Welnu, ik zou graag willen dat u eens een paar minuten zag op het bloed van Christus, en dan juist u die enige angst of twijfel hebt, en zag hoe voortreffelijk het is om een verzekerend teken te zijn voor uw geweten, op dezelfde manier als het lam dat was voor de Israëlieten. Bedenk dan eerst wat het was, het bloed, het teken van lijden. Uw zonden verdienen een lijden, Christus heeft geleden voor de zonden. Bedenk u eens wat voor lijden Hij heeft verdragen, wat voor tegenspraak van zondaren en wat voor een verlating van Zijn Vader. Denk in wat voor lichamelijk lijden Hij heeft moeten dragen, maar vergeet ook niet dat Zijn geestelijk lijden nog vele malen groter was. Ga naar het donkere Gethsemané, ga naar het schaamtelijke Gabbatha, ga naar het dodelijke Golgotha. Als u uw Heere ziet en dat wonderlijke schouwspel van lijden in ogenschouw neemt, voelt u dan niet dat Hij uw zonden kan wegnemen, en als Hij zo verschrikkelijk geleden heeft dat u dat niet meer hoeft te doen? God heeft een verzoening aangenomen die genoegdoet aan Zijn rechtvaardigheid. Die ene, ten hemel schreiende uitroep: “Mijn God, Mijn God, waarom hebt Gij Mij verlaten?”, toont hoe scherp de pijnscheuten waren waarmee onze hoop geboren werd.

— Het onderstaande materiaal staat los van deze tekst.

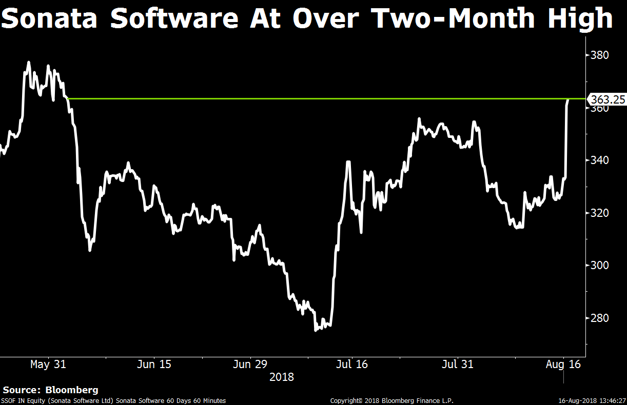 Shares of the software developer rose as much as 4.1 percent to Rs 4.1 percent.

Maar denkt u eens verder, het bloed betekent niet alleen het lijden, maar ook de dood, want onze Heere kon alleen de zonde wegnemen door te sterven. Al Zijn tranen, heel Zijn heilig leven, zelfs al Zijn pijnlijk lijden, dit alles was niet voldoende om de zonde teniet te doen, alleen de doodstraf was genoeg. God had de dood als straf voor de zonde in het vooruitzicht gesteld, en Jezus stierf. Zie Hem dan sterven, zie HEM dan sterven! Was er ooit zulk een spektakel? Iedere druppel die uit Zijn doorboorde handen loopt, roept het uit: “Veiligheid voor de gelovige! De vrijkoopsom is betaald.” De wond in Zijn zijde spreekt overduidelijk tot onze harten, zoals de mond van de liefde: “Genoegdoening, verzoening, eeuwige liefde!” Ik kan dat gebogen hoofd niet zien en die ogen die in de dood staren en dat dierbare lichaam dat beneden in de graftombe gelegd zal worden, zonder te denken: “Als Christus daar is gestorven, moet er een oneindige genade zijn voor de zondige zonen onder de mensen.” Denk hieraan en ik bid tot God de Heilige Geest om u naar de zoetheid en rust te leiden die in dit teken is. Maar denk er ook aan dat u niet alleen rust in het lijden en de dood, maar in de uitnemendheid van de Persoon die zo heeft geleden en gestorven is. Vraag uzelf eens af Wiens lijden en dood dat zijn! In het geval van de Israëliet ging het om een volkomen lam. In uw en mijn geval om het volkomen Lam Gods. Broeders, denk eens aan het leven van Christus in Zijn onschuld en opofferingsgezindheid. Heeft u ooit gehoord van zo’n heilig leven, is er ooit zo’n heilig persoon gestorven gelijk Hem?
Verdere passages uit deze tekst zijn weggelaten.